I know that I have come a long way from where I was but it’s getting harder now. It’s become somewhat routine of what I eat, when, how food is prepared, packing everything that I can think of to possibly eat out and about, etc. I’ve got such a long way to go though- more than I’ve already lost. I’m knocking 80 pounds but the friends I know doing the same program, or eating lifestyle, are knocking on the heels of their goals. Noone had near as much to lose as I did/do. But perhaps, not having thought about it before, maybe I have the most to gain from losing all this. Can I really lose more than half of me from where I used to be?
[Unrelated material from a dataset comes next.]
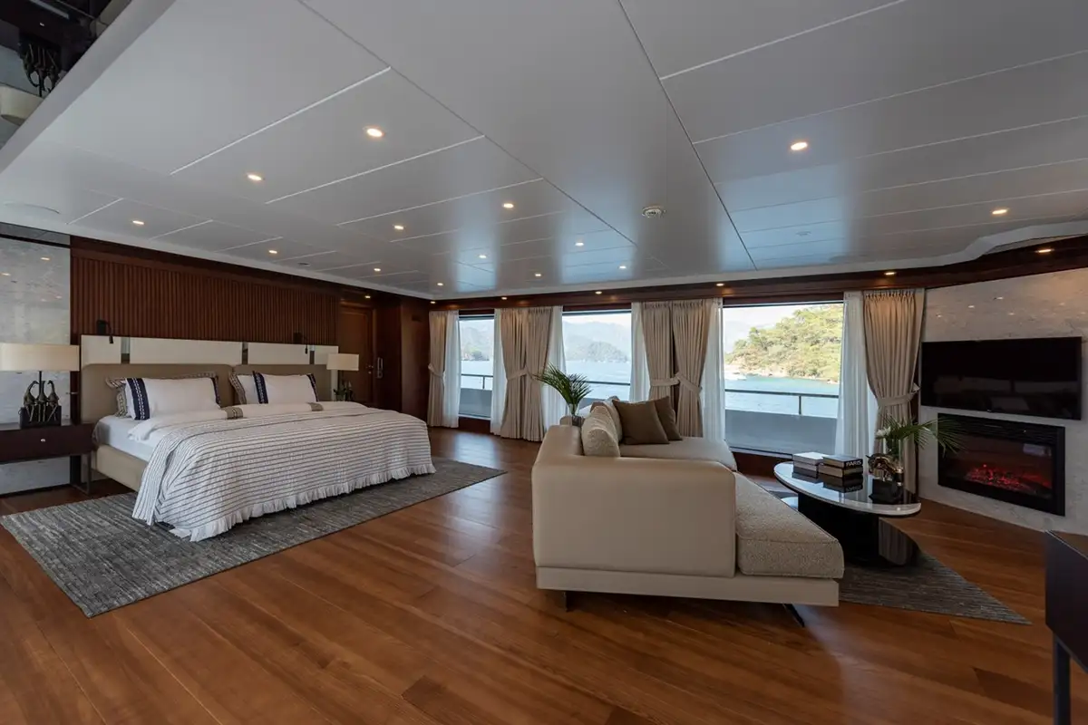 The upper deck master suite is just as inviting. Here, floor-to-ceiling windows line both sides, framing wide sea views. A second fireplace with a TV above creates a cosy spot to unwind at the end of the day. Direct access to the aft deck places you just steps away from al fresco dining and evening drinks with friends or family.

I am getting discouraged… HELP! I feel better. I definitely look better. But inside – I’m really struggling with all the emotional stuff that is going along with this transformation. I know that I didn’t gain all this burden overnight and that it’s impossible to just wake up and be at goal, small ones or long term. I keep trying to picutre myself in the future. I’ve NEVER been there – I can’t see it. I want to see myself in a condition, a place, in a body that is completley unfamiliar to me but I can’t. Not yet anyways.
Noone has known me in a smaller form. Can I do it? I’ve never known Me in a smaller form! Will I even like me? Will I turn into a different person- that is not me? Will people like/love me more or less because of my physical appearance? I’ve never been one to judge by appearances because I don’t want someone to judge me. I’m sick of being judged because of this fat suit that’s attached. Can I still be me when externally it’s not the me that I’ve been for decades of my life? It really is hard to try to let all these feelings emerge, much less to talk about them and face them. Eighty pounds! I think I am in mourning. I’ve lost something. Do you go through steps of grieving over weight loss like you do when a loved one dies? Goodbye old “friend?” Shouldn’t I be celebrating instead of sad? It’s been my shield and protector for years – but from what and who? Myself!
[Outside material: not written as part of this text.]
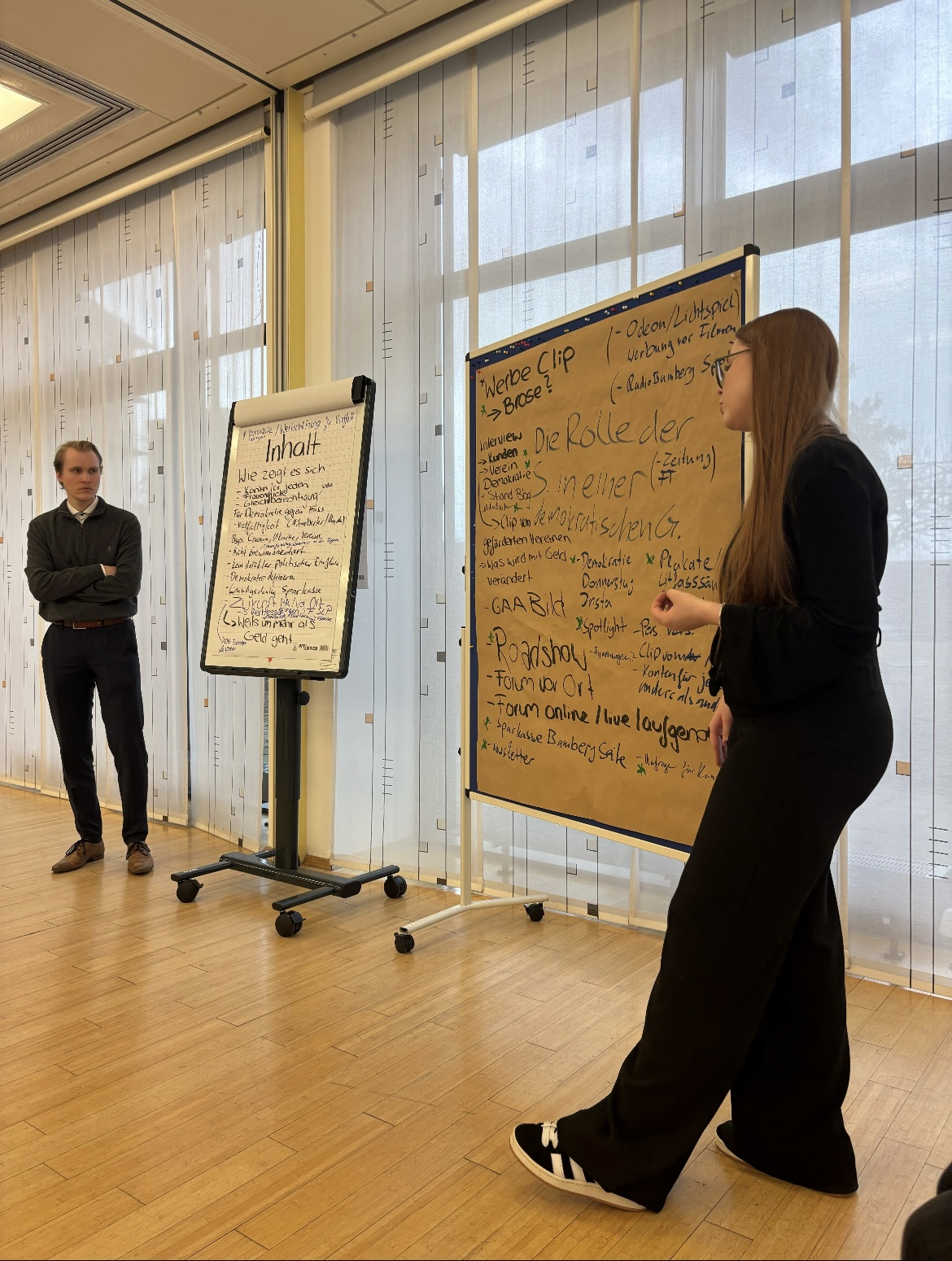 Wir, das Lehrjahr 2023 der Sparkasse Bamberg, wollten unser Jubiläum nicht nur feiern, sondern auch nachdenken, reflektieren und sichtbar machen, wie wichtig unsere Sparkasse für das gesellschaftliche Miteinander wirklich ist. Denn Demokratie ist nichts Selbstverständliches. Sie lebt davon, dass Menschen mitmachen, Verantwortung übernehmen und sich für andere einsetzen.

I am scared. I’ll admit it. Am I to the point of turning back like I’ve always done? Getting to the edge of my “comfort zone”, do I stop and return to where I was? Can I cross the bridge? All I can see and hear in my head is Donkey yelling on the wobbly bridge “I’m looking down!” What will happen? If I stop it won’t be good. If I can push myself, drag myself, literally force myself to cross over this bridge where will it take me? Can I overcome these feelings of discouragement? I want to mentally, or do I? I AM STRUGGLING! BAD! I’ve not been under 300 punds in years and it feels good. I can not honestly tell you the last time I was under 250- college? maybe? I’m pretty sure my husband met me and married me above 250. That’s a whole other discussion about this relationship.
I am about to venture into territory that I have never explored or traveled-conciously. I’m trying to stay positive. I’m trying not to “cheat”. I’m trying to not think that I have such a LONGGGG way to go. I’m trying to still be encouraging to friends that I am so very jealous of now. I am honestly happy for them and very proud of their efforts so why am I mad? Guess I’m just so dang mad at myself that I let my condition get so far out of control. I have to keep trying to think that I’m not doing for my husband, my kids, my family, a party or gathering (reunion, etc) but that I am doing it for me. I’ve won some little battles internally to this point but this one keeps going on and on and on.
I know I’ve got to do this. I know I’m not giving up. I am worth it. I am doing it for me.